Identify a field as derivative of another

Question

In the paper https://arxiv.org/abs/1312.5344, the authors identified the chiral algebra of a free vector multiplet, given by a $(b,c)$ system. In doing so, they, in eq (3.41), identify the gauginos $\tilde \lambda(z) \sim b(z)$, $\lambda(z) \equiv \partial c(z)$, and they do so because the OPEs look the same.

But is there other argument to support this identification from a more "path-integral" point of view? Say, if I'm studying the correlation functions by computing the path integral, why on earth would I re-identify the fields in such a way? (I guess similar question can be asked for bosonization)

Is it legal to identify a field as the derivative of another? Naively, this will change drastically the kinetic term in the action, to say the least.

This post imported from StackExchange Physics at 2017-05-24 17:15 (UTC), posted by SE-user Lelouch

Comments

just a comment waiting an answer : I should rather ask the relevance of (3.32) here* and how to show rigorously that its diagram commutes.

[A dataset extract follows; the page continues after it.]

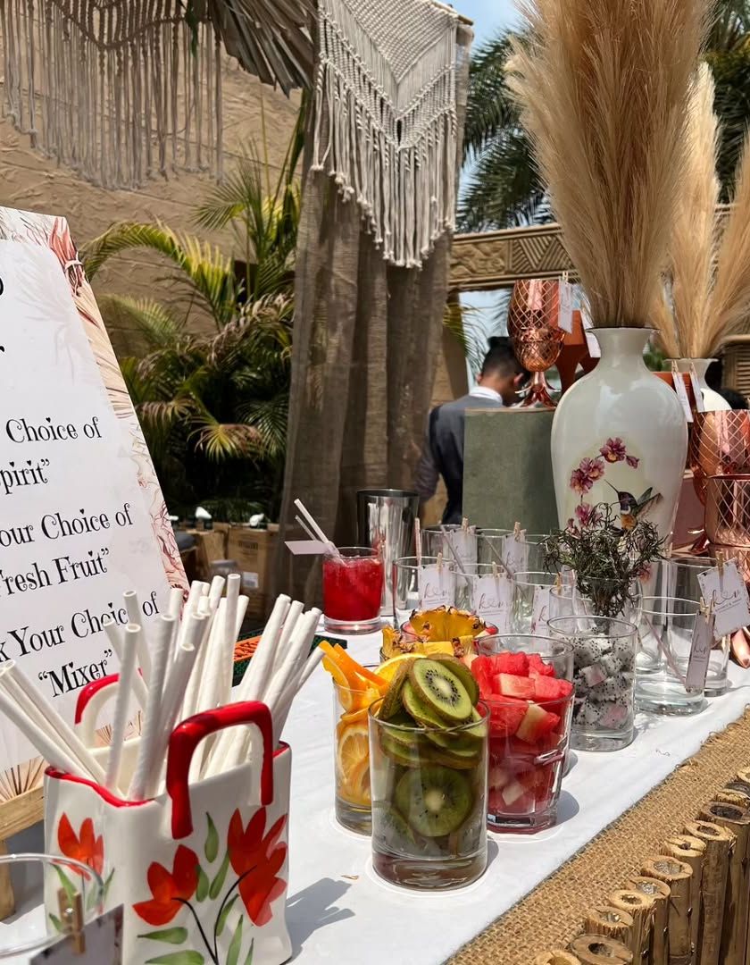 Perfect for daytime mehendis, haldis, or relaxed sundowner events, our bohemian-themed bars use natural textures and earthy elements. We incorporate materials like bamboo, macrame, and pampas grass, along with fresh decor like sunflowers and personalized coconuts for a laid-back, chic vibe.
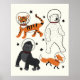 L'espace est assez sauvage, surtout lorsqu'il est rempli d'animaux sauvages qui jouent à l'astronaute. Illustration d'un tigre, d'un renard, d'un gorille et d'un ours polaire portant des casques d'espace de style rétro avec des graphismes en étoile noire posés contre un arrière - plan couleur crème ou ivoire.

Else claiming abstract identifications through pushforward/pullback analyses is common.

* here verbatim = where the top row represents multiplication in the ring of Schur operators, the bottom row represents creation/annihilation normal ordered products of chiral vertex operators, and the vertical arrows represent the identication of a Schur operator with its meromorphic counterpart in the chiral algebra.